= Brief =
Repeat, line for line, only the span that opens at the "The I-Walk Pro TM-199" line and closes at the final line below. Skip the pictures.

= Data =
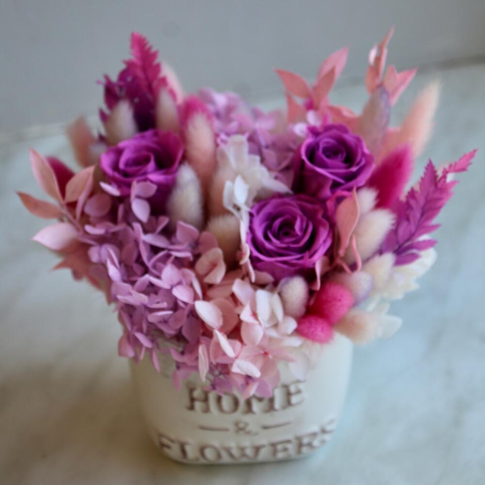 Роза одноголовая – 3 шт.Гортензия – 1 шт.пушистики – 1 шт.Керамическое кашпо – 1 шт.
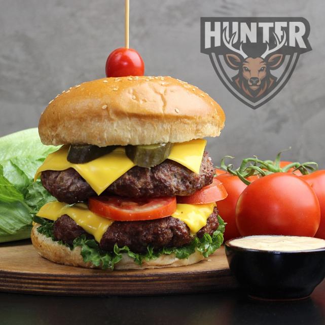 ۲ عدد برگر دست ساز گوشت مخلوط گوساله و گوسفندی ۲۳۰ گرمی، ۲ ورق پنیر گودا، سس مخصوص، کاهو، گوجه، خیارشور، نان گرد
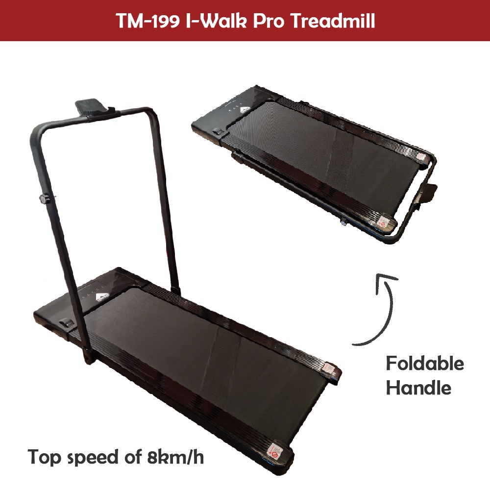 The I-Walk Pro TM-199 treadmill is the perfect piece of fitness equipment for your home. The I-Walk Pro treadmill is small and slim, so it doesn’t take up a lot of space and is great for saving space in your room. It has foldable handles for safety, a top speed of 8km/h, remote speed adjustment and a large running belt so you can exercise at the comfort of your home any time, anywhere!
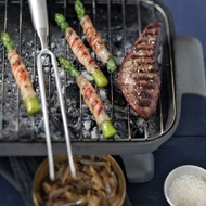 Light the barbecue. Place the onglet steaks on one side of the grill and the asparagus wrapped in bacon on the other. Grill the meat for 4-8 minutes on each side, and the asparagus for 4 minutes on each side. Season the onglet steaks with salt and pepper at the end of cooking. Serve with confit shallots.

= Expected answer =
 The I-Walk Pro TM-199 treadmill is the perfect piece of fitness equipment for your home. The I-Walk Pro treadmill is small and slim, so it doesn’t take up a lot of space and is great for saving space in your room. It has foldable handles for safety, a top speed of 8km/h, remote speed adjustment and a large running belt so you can exercise at the comfort of your home any time, anywhere!
 Light the barbecue. Place the onglet steaks on one side of the grill and the asparagus wrapped in bacon on the other. Grill the meat for 4-8 minutes on each side, and the asparagus for 4 minutes on each side. Season the onglet steaks with salt and pepper at the end of cooking. Serve with confit shallots.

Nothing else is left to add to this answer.